FIG. 8 shows an apparatus for producing a cast metal product including a mold 8 and a core 1 set within the mold 8. The mold 8 and the core 1 define a molding cavity 9 for molding a cast metal product 4. The core 1 is made from thermoplastic resin. The core 1 includes a wall 3 defining a vacant interior 2 within the wall 3 so that the resin core 1 can be deformed utilizing the vacant interior when the resin core 1 is removed from the cast metal product 4 after molding. The wall 3 of the core 1 includes at least one increased thickness portion 3a which is increased in thickness compared with portions 3b of the wall 3. The increased thickness portion 3a of the wall 3 is formed in a portion where the wall 3 receives greater heat and/or load greater than other portions 3b of the wall 3 of the resin core 1.
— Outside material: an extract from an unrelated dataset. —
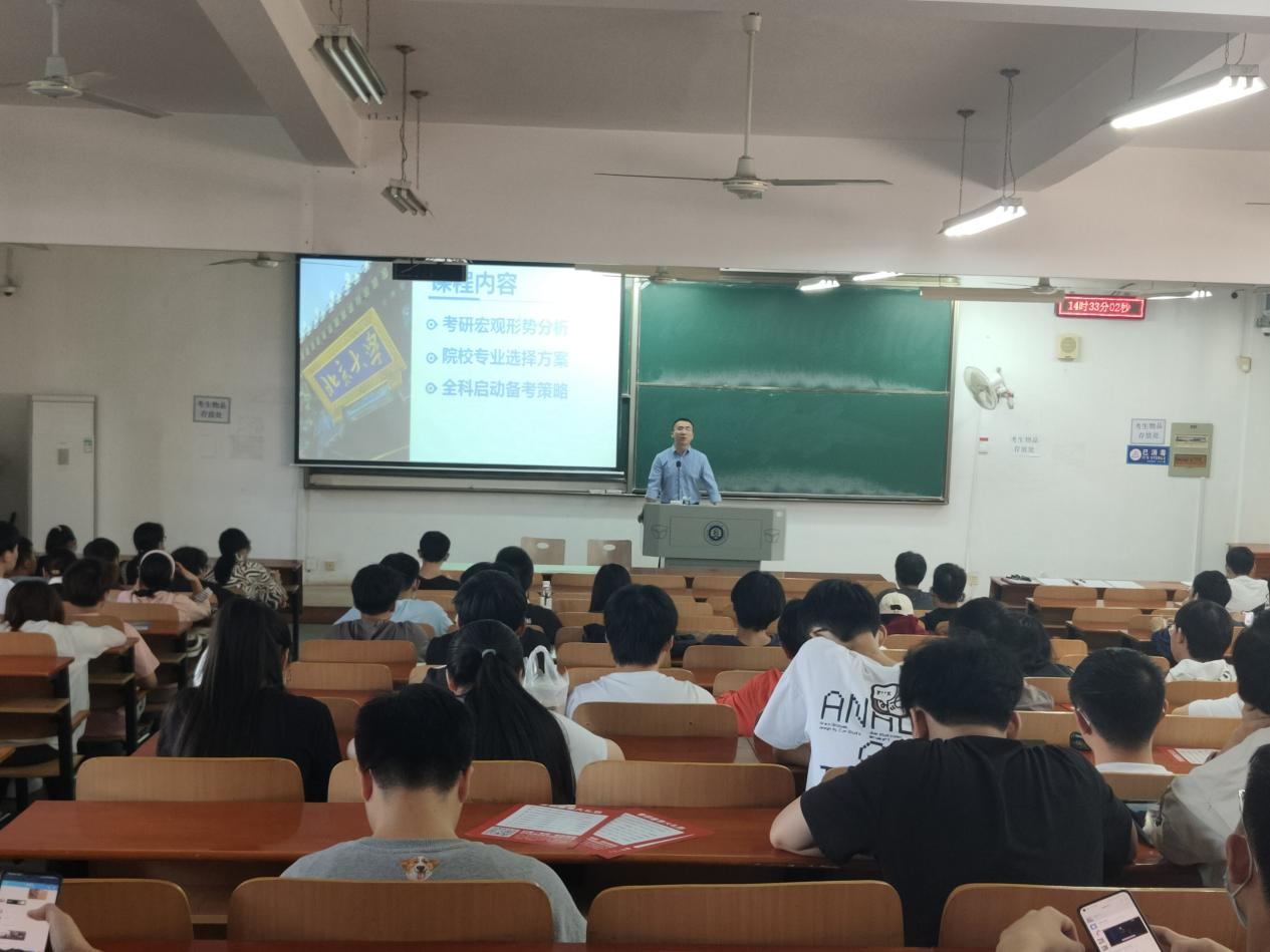谭小禹根据历年考研整体情况、院校专业选择和备考策略等展开了具体讲解。谭小禹强调同学们要尽早定考研规划、明确考研院校、评估自身实力,尽量选择上岸率高的好公司。他勉励同学们抓紧时间,提前起步,争取在考研中脱颖而出。参会同学们现场认真聆听,认真记录,表示通过讲座,进一步理清了考研备考思路,收获颇丰。
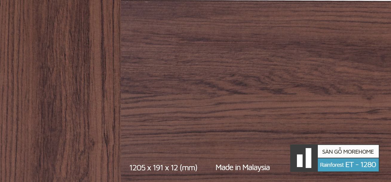Là dòng sàn gỗ công nghiệp cao cấp, được nhập khẩu trực tiếp từ nhà sản xuất tại Malaysia. Sàn gỗ công nghiệp Rainforest ET 1280 là dòng sàn gỗ bản lớn, có độ dày 12mm. mức độ chống mài mòn AC5 sử dụng tốt trong môi trường dân dụng nhà ở gia đình và các công trình công cộng. Sàn gỗ công nghiệp Rainforest Malaysia ET bản lớn, thích hợp sử dụng cho sàn phòng khách, phòng ngủ, bếp.... Sử dụng sàn gỗ công nghiệp Rainforest kết hợp nội thất hiện đại cùng với ánh sáng tự nhiên sẽ càng làm tăng vẻ tinh tế và sang trọng cho không gian sử dụng.

The resin core 1 includes divided parts 1a and 1b which are formed using injection molding, and adhered to each other to complete the core 1. Each of the parts 1a and 1b can be formed to a desired wall thickness at a desired portion of the core.

As shown in FIG. 8, the resin core 1 is set within the mold 8 to thereby form the molding cavity 9. The mold 8 may be provided with a pressure pin 7. The core 1 includes the wall 3 defining a vacant interior therein, and the wall 3 of the core 1 includes at least one increased thickness portion 3a compared with portions 3b of the wall. Then, molten metal 6, for example molten aluminum alloy, is supplied into the molding cavity 9 at a high pressure (for example, at a pressure above 80 MPa) or at a low pressure. When the molten metal solidifies, a cast metal product 4 is produced.
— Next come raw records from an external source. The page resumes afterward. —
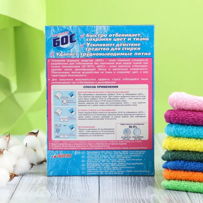 Отбеливатель "Аист" "Бос-плюс" Maximum, порошок, для тканей, 600 г — Характеристики
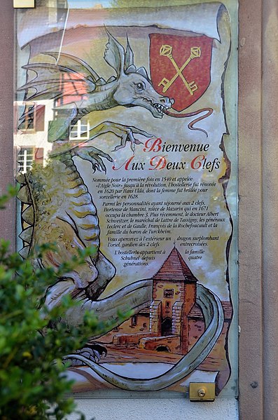 L'Hôtel des Deux-Clefs, situé 3 rue du Conseil à Turckheim (Haut-Rhin), est un édifice inscrit au titre des monuments historiques depuis 1930. À l'origine auberge municipale, il est cité en 1540 sous le nom Statthof et apparaît en 1613 comme « À l'Aigle Noir ». L'immeuble fut reconstruit en 1620 par le charpentier lorrain Hans Uda, qui avait également œuvré à la restauration de la chapelle Saint-Symphorien ; la date est gravée sur l'oriel et sur une fenêtre. Au XVIIe siècle, la ville vendit l'auberge à la famille Fischer, qui la conserva ensuite en propriété privée. Elle prit le nom d'Auberge Aux Deux-Clefs au XIXe siècle, moment où les ouvertures du rez-de-chaussée furent repercées. Les dépendances ont été détruites et remplacées par des bâtiments modernes ; dans la cour se trouve un puits daté de 1632. L'enseigne actuelle paraît récente mais le porte-enseigne conserve un motif en fer découpé et peint représentant le chargement de tonneaux, rappelant l'activité liée au vin pratiquée par l'aubergiste. Au XXe siècle, la famille Schubnel fit un agrandissement à l'arrière, portant le nombre de chambres à une quarantaine. Durant la Seconde Guerre mondiale l'enseigne fut remplacée par « Alt Deutsche Weinstube » jusqu'à la libération de Turckheim le 10 février 1945, date à laquelle l'établissement retrouva son nom historique. La maison à colombages, richement ornée d'oriels et de linteaux sculptés, était destinée à recevoir des hôtes de marque, notamment des délégués de la Décapole et de riches marchands de vin, souvent d'origine suisse.
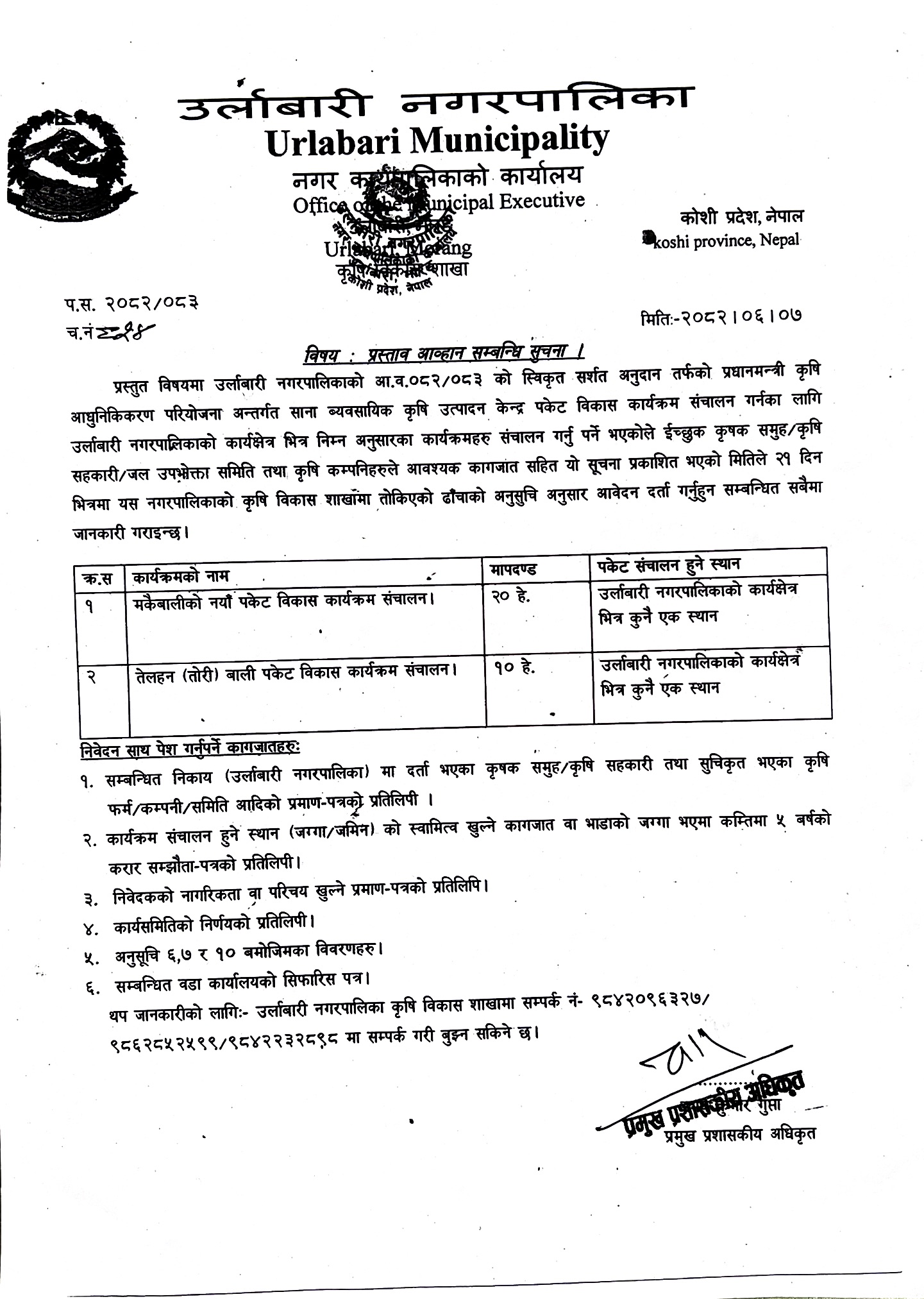 उर्लाबारी नगरपालिकाको आ .व. २०८२/०८३ को योजना तथा कार्यक्रमहरु
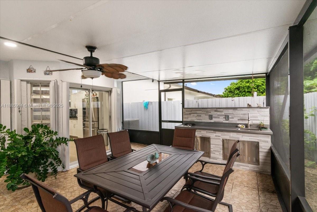 This 4-bedroom, 2-bathroom SW Miami-Dade residence offers the perfect balance of sophistication and comfort. A welcoming façade with stone columns and tropical palms leads into light-filled living spaces accented by crystal lighting and polished finishes. The gourmet kitchen features granite counters, custom cabinetry, and stainless steel appliances, flowing into dining and family areas designed for togetherness. Retreat to spacious bedrooms, spa-inspired baths, or the private office/utility room. Step outside to a screened terrace with summer kitchen and lounge. Boasting a NEW 2022 roof, gas water heater, and no HOA, this home is ideally located near medical, shopping, and entertainment like Miami Zoo with top-rated schools close by —blending modern elegance with family lifestyle appeal.

The core 1 forms an undercut portion or a hollow portion in the cast metal product 4. After the supplied metal has solidified, the mold 8 is opened and the cast metal product 4 is taken out from the mold 8. Then, the resin core 1 is removed from the cast metal product 4 by deforming the resin core 1 through a hole formed in the cast metal product 4. The removed core is recycled as a material for a new resin core.

When removing the resin core 1 from the cast metal product, the resin core 1 is softened by the residual heat from the cast metal product 4 or by reheating the resin core and the metal product, but not enough to melt the cast metal product 4. Because the resin core 1 is not yet completely melted, the resin core 1 can transmit the drawing load and the entire portion of the resin core 1 can be drawn out of the cast metal product 4. Therefore, unlike a completely melted resin core 1, a portion of the resin does not remain in the cast metal product.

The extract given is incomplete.